Australia's actuary warns of potential threat to the financial system due to the existence of a significant insurance deficiency.
The Australian financial landscape is facing a significant challenge due to the increasing unaffordability of insurance premiums, a problem that has been on the rise for several years. According to recent assessments, approximately 1.6 million households in Australia have insurance premiums that would exceed a month's gross income, a figure that represents a 15% increase from the latest assessment in 2024.
This trend is particularly concerning in light of the geographic variation across the country, where the risk could be even higher in some areas prone to extreme weather events.
The unaffordability of insurance premiums is not just a household issue. Many small businesses in Australia use residential property to secure business loans, which could be affected by the increasing insurance gap. Banks will need to conduct more thorough assessments when making home loans and potentially deny loans for homes that are uninsurable.
The potential consequences of this crisis could be severe. If loans with unaffordable insurance were to go under, it could cause a crisis for the banking system in Australia. To prevent this, there is a need for banks to give out loans for adaptation measures, such as building resiliency in communities, including low-income areas.
One solution to facilitate loans for adaptation measures is to issue green adaptation bonds. These bonds would free up public money for building resiliency in the community.
The issue of insurance unaffordability is likely to increase as extreme weather events become more common in Australia and the world. Climate change is making things worse in all regions, reducing the benefit of diversification.

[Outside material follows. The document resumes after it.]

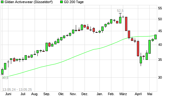 Mit dem Anstieg auf 43,80 EUR hat die Gildan Activewear-Aktie am 12.05.2025 die 200-Tage-Linie nach oben gekreuzt.

Insurance companies may reduce their appetite for property risk due to increased extreme weather events. In the long term, some risks may become uninsurable. Sharanjit Paddam, an actuary at Finity, expects some fluctuations in the rate of increase of insurance unaffordability but believes it will increase in the long term due to increasing emissions.

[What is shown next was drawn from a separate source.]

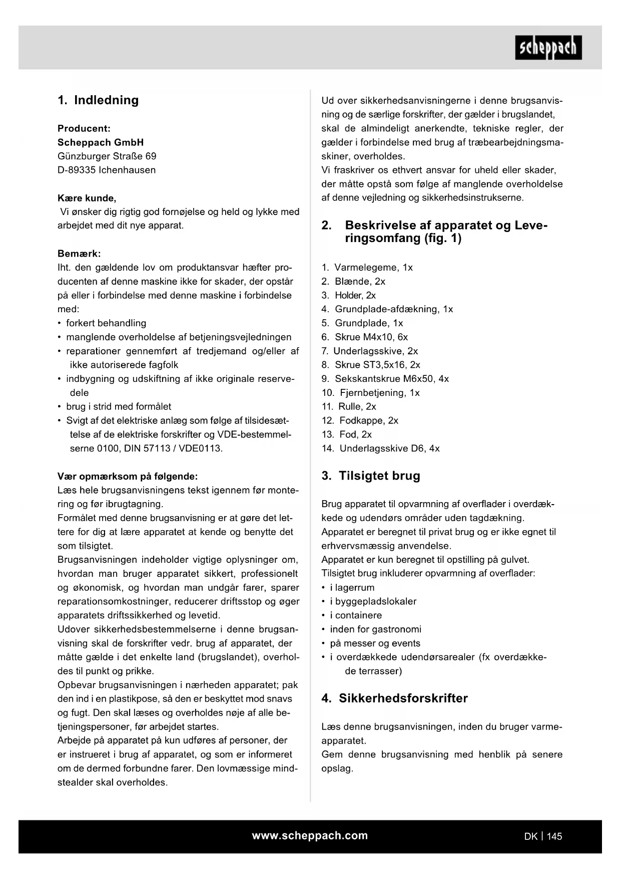 RØRE VED DET, MENS DET ER TÆNDT. 3 Undlad at montere eller opstille apparatet direkte under en stikkontakt. 4 Beskyttelsesgitteret på dette varmeapparat er beregnet til at forhindre direkte kontakt med var- meelementer og skal være påsat, når varmeap- paratet er i drift. Beskyttelsesgitteret yder ikke fuldstændig beskyttelse for små børn eller skrø- belige personer. 5 Undgå at tildække varmeapparatet, da det ellers vil kunne blive overophedet. 6 Dette varmeapparat er ikke udstyret med et ap- parat til styring af rumtemperaturen. 7 Brug ikke dette varmeapparat i mindre rum, hvor der ndes personer, som ikke er i stand til at for- lade rummet ved egen hjælp, medmindre dette sker under konstant opsyn. 8 Børn under 3 år må ikke komme nær produktet, medmindre de er under konstant opsyn. Børn mel- lem 3 og 8 år må kun tænde og slukke for appa- ratet, hvis det er installeret og placeret i overens- stemmelse med de sædvanlige brugsanvisninger, og hvis de er under opsyn og er blevet behørigt instrueret i korrekt og sikker brug og har forstået de potentielle farer. Børn mellem 3 og 8 år må ikke tilslutte, regulere, rengøre eller udføre vedligehol- delsesarbejde på produktet. PAS PÅ: Visse ap- paratdele kan blive meget varme og forårsage forbrænding. Udvis særlig forsigtighed i nær- vær af børn eller sårbare mennesker. 9 Dette apparat kan bruges af børn fra 8 år samt af personer med begrænsede fysiske, sensori- ske eller psykiske evner eller manglende erfaring og/eller viden, hvis de overvåges eller er blevet instrueret i en sikker brug af apparatet og har forstået de farer, der er forbundet med brugen. Børn må ikke lege med produktet. Rengøring og brugervedligeholdelse må ikke udføres af børn uden opsyn. 10 Tag produktet ud af emballagen, og kontrollér, at det er i god stand. 11 TILLAD IKKE, at børn leger med emballage, f.eks. plastposer.www.scheppach.com

The best solution, according to Sharanjit Paddam, is to find adaptation solutions, especially for housing. Major Australian banks such as Commonwealth Bank, Westpac, ANZ, and NAB have active climate risk assessments integrated into their home loan processes, and there are regulatory guidelines from the Australian Prudential Regulation Authority (APRA) mandating banks to consider climate risks in their lending practices.

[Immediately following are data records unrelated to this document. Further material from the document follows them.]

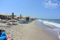 Море классное, Эгейское, очень концентрированное, пляж песочный. Удобные лежаки из искусственного ротанга. Лежаки стоят 3 евро в сутки, платили всего 2 раза, работник часто не подходил, ну а мы не навязывались. У моря бар платный, бесплатные бары у бассейнов, в лобби и вечером мы случайно зарулили в Gaia Palas 5* там играла живая музыка, была еда и напитки, посидели, выпили кофе, но потом мы поняли, что что-то не так - у людей на руках были браслеты, а у нас нет. Спросили потом у Светланы на ресепшен- она сказала, что это 5*, но нас тоже должны обслуживать, так как все включено. Кстати там у них есть Спа- центр, я сделала боди массаж за 40 евро 45 минут, есть разные программы на лицо, тело, рыбки педикюрные.
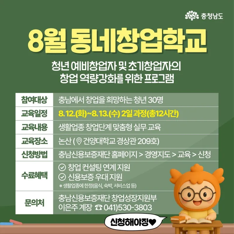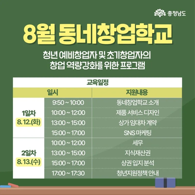 [충남 청년 교육 프로그램] 청년 취업·창업 한번에 해결~!
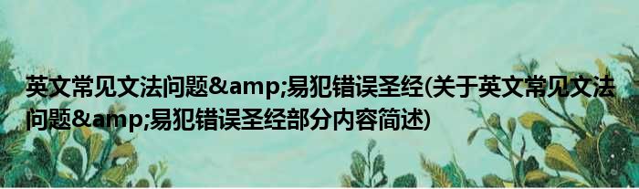 英文常见文法问题&易犯错误圣经(关于英文常见文法问题&易犯错误圣经部分内容简述)
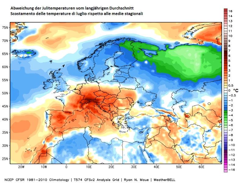 Der Juli 2015 geht nicht nur als heißester Juli in die Wettergeschichte ein, sondern war der wärmste Monat seit Beginn der Wetteraufzeichnungen. In Bozen wurde eine Mitteltemperatur von 27 Grad gemessen, die Temperatur des bisherigen Rekordmonats August 2003 von 26 Grad wurde damit deutlich übertroffen. Fast täglich wurde die 30-Grad-Marke überschritten, an 15 Tagen war es sogar heißer als 35 Grad

To help people understand the risks associated with climate change, mandatory disclosures are needed. This year, Australia's mandatory climate disclosures go into effect, aiming to surface the impact of climate change on the financial system.
Policymakers need to ensure that finance is used efficiently to solve the problem of climate change. Approximately 3% of bank loan assets are likely to have unaffordable insurance, equating to roughly AUS$60bn in loans. With the right strategies and policies, it is possible to mitigate this risk and build a resilient financial future for Australia.